3.2. Alcohol-Feeding Changed Metabolites in Feces of Wild Type Mice

The abundance of metabolites detected in groups PF-WT and AF-WT were used to study the influence of alcohol in the fecal metabolome in wild type mice. Figure 2 shows that 23, 45, and 35 metabolites were detected with significant changes in their abundance levels by GC × GC-MS, 2DLC-MS (−), and 2DLC-MS (+), respectively. Among those metabolites, four and seven metabolites were detected in three and two platforms, respectively. Figure 3A shows the abundances of the four metabolites (taurine, α-aminoisobutyric acid, nicotinic acid, and serine) that were detected in all three platforms. The abundance levels of those four metabolites were lower in AF mice than those in PF mice, and were consistently demonstrated by all three analytical platforms, showing the high accuracy and high stability of the three platforms in analyzing complex biological samples.

Figure 2. — Metabolites with significant abundance changes in feces of wild type mice after PF or AF treatment for 24 days. The polar metabolites extracted from each sample were analyzed by GC × GC-MS, 2DLC-MS (−), and 2DLC-MS (+), respectively.

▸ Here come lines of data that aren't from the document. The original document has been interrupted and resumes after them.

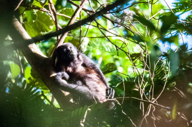 Selbst über Kilometer hört man die Brüll-Affen im Dschungel "rufen". Der Sound hat in der Endphase etwas von einem startenden Düsenjet und die Lautstärke ist für solch an sich recht kleine Affen doch sehr beachtlich. Das Gute daran ist natürlich, dass man sie gut orten und in den Baumkronen ausmachen kann.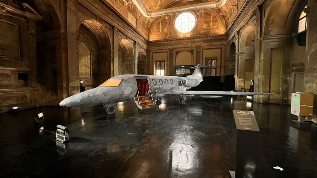 מעניין במיוחד – ומצטלם מצויין – היה גם המיצב של המעצב ההולנדי מרטן באס, שחזר למילאנו עם ״יותר או פחות״, שיתוף פעולה עם מותג האופנה G-Star RAW, שהוצג בחלל מהמאה ה־16 ששימש בעבר ככנסייה. במרכז החלל המרשים ניצב מטוס מנהלים פרטי באורך 15 מטרים, לצד ארונות בגדים וספסלי ישיבה שהוצבו בחלל התחתון, שנבנו כולם תוך שימוש בג׳ינסים ממוחזרים של G-Star, שנאספו כחלק מתוכנית Return your Denim של המותג. זאת, מתוך מטרה להצביע על המתח והדואליות בין הרצון ליותר – והצורך בפחות.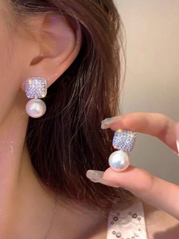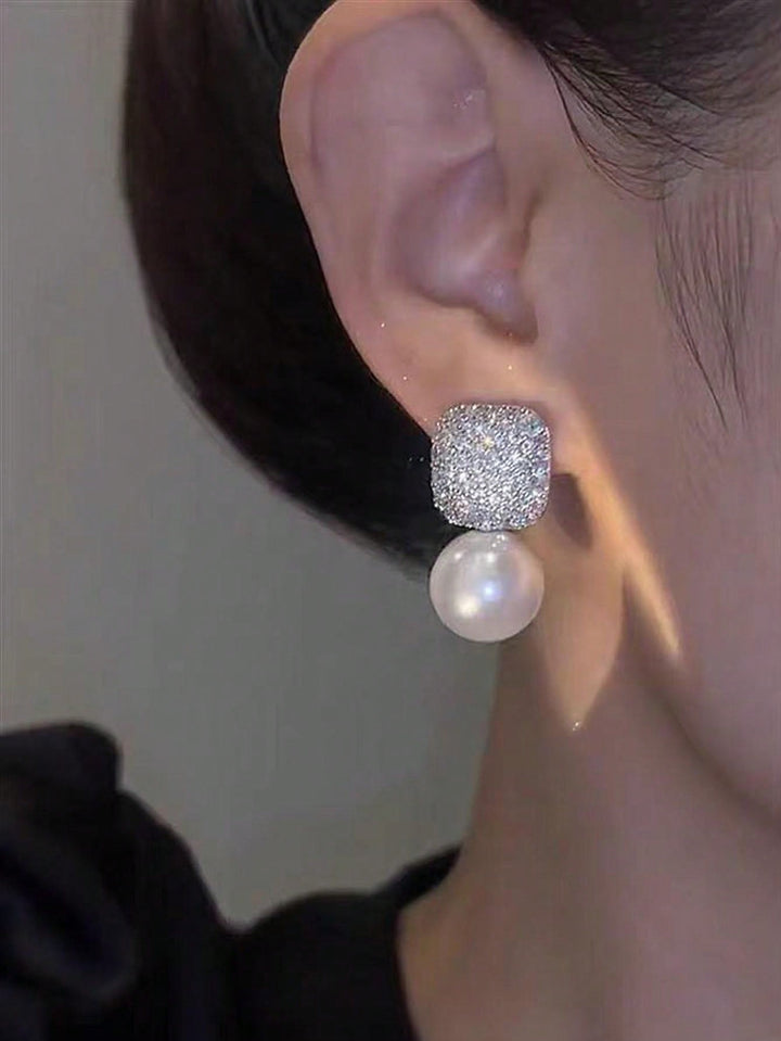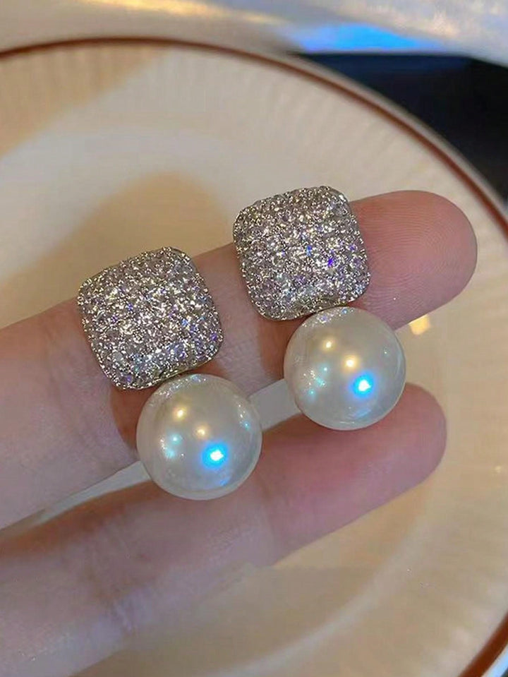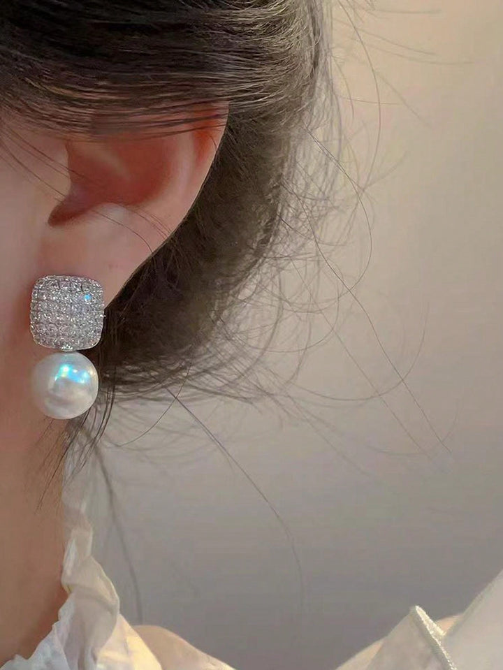 Shein - 1pair Exquisite Square Earrings With Imitation Pearl Pendant, Zinc Alloy Material Vintage & Elegant Style Women's Party Jewelry Accessory

Figure 3. — Alcohol-feeding changed the amount of fecal metabolites and increased liver fat. (A) Abundance levels of the four metabolites detected by all three platforms. (B) Abundance levels of succinic acid in PF-WT mice and AF-WT mice detected by GC × GC-MS and 2DLC-MS (−). (C) shows the chromatographic peak shapes of taurine measured by GC × GC-MS, 2DLC-MS (−) and 2DLC-MS (+). (D) is gene expression of *Taut*, *Csd*, and *Cdo* in the liver tissues of PF-WT mice and AP-WT mice. (E) H&E staining of the liver tissues of PF-WT mice and AP-WT mice. AF, alcohol-fed; PF, pair-fed; WT, wild type.

Succinic acid was detected with significant abundance changes by GC × GC-MS and 2DLC-MS (−). In fact, it has the largest fold change in the GC × GC-MS data and the third largest fold change in the 2DLC-MS (−) data (Figure 2). Figure 3B shows that levels of succinic acid were significantly decreased by alcohol feeding. It has been reported that Parabacteroides distasonis could increase the production of succinic acid in gut, and oral gavage of Parabacteroides distasonis to ob/ob mice could alleviate nonalcoholic fatty liver disease and metabolic disorders by increasing succinic acid in gut and upregulating the intestinal gluconeogenesis pathway.²⁸ The reduction of succinic acid in fecal samples suggests a decrease of succinic acid-producing bacteria, such as Parabacteroides distasonis in the intestine in response to alcohol exposure. However, this notion needs further investigation.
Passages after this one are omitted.